– Ставь картошку! – приказал он. – И не лей слезы. Рано вы нас, едрена бабушка, хороните! Налей чаю покрепче.
Женщина, испуганно посмотрев на него, вернулась на кухню.
– И почему я тогда не прибил эту росомаху? – вздохнул Афанасий Семенович. – Она это все натворила, сучка городская. Что брат гадина, что сестра! Надо было прибить ее, и дело с концом. А сейчас… – Он дрожащими пальцами достал кисет и попробовал набить трубку, но не смог. – Пашка! – рявкнул он, но, вспомнив о произошедшем, опустил голову и застонал.
Тамара Васильевна, сидя на кровати, смотрела на висящую на стене фотографию внука. В ее сухих глазах плескалась отчаяние.
– Тамара Васильевна, – подошла к ней девушка, – вы бы хоть водички испили или соку какого-нибудь. Хотите, я вам свежего принесу?
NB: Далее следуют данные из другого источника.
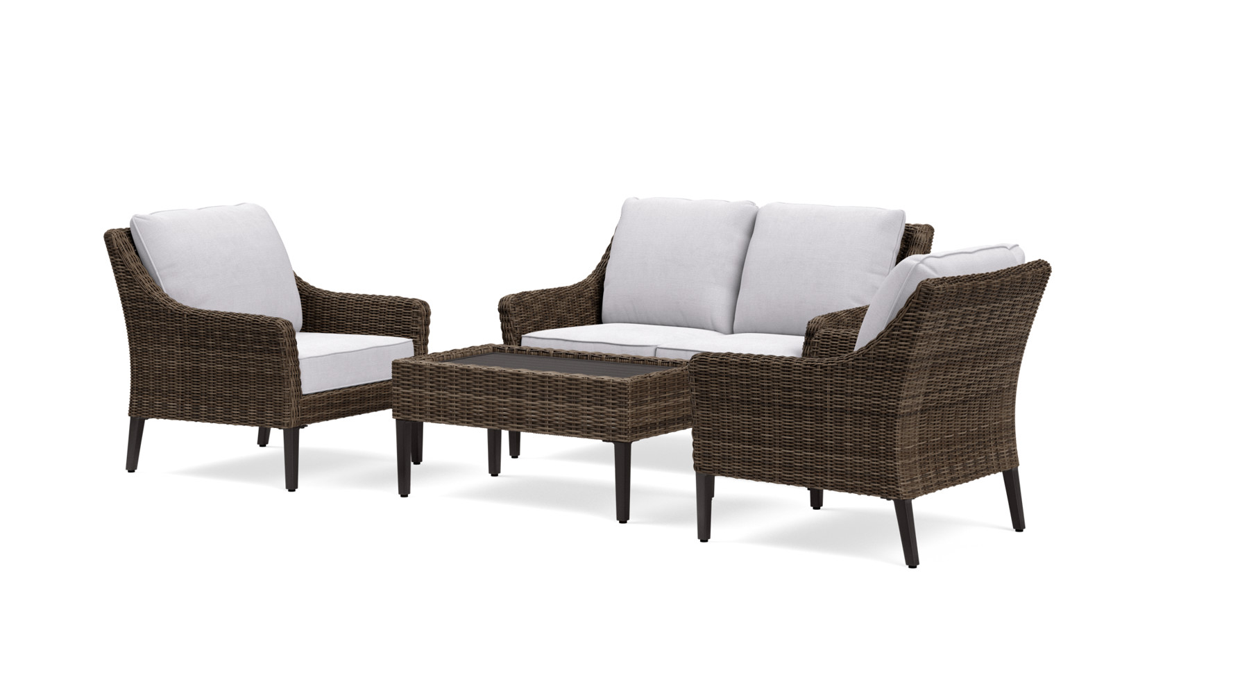 They have options in teak, aluminum and wicker and different color variations for those materials as well as color variations for their cushions. I went with the gray cushions to hide any stains, but now knowing how stain resistant the fabric is, I would not hesitate to go with the white cushions.

– Да уйди ты, – шепнула заглянувшая в спальню женщина. – Не до этого ей сейчас. Господь поможет вернуть внука, Господь не оставит мальчонку в руках безбожников.
– Вертолет забрал Филимона, – сообщил Шут, – племянников ваших, бабу эту, которая здесь жила, двоих мужиков каких-то, и еще ребенок с ними был. А вот чей, никто сказать не может. Вертолет в распадке присел, там их взял, а бабу на бугре, где пацаны мяч гоняют. И…
– Погодь, – остановил его Лука Демьянович. – Значится, говоришь, мальчонка был? Понятен хрен!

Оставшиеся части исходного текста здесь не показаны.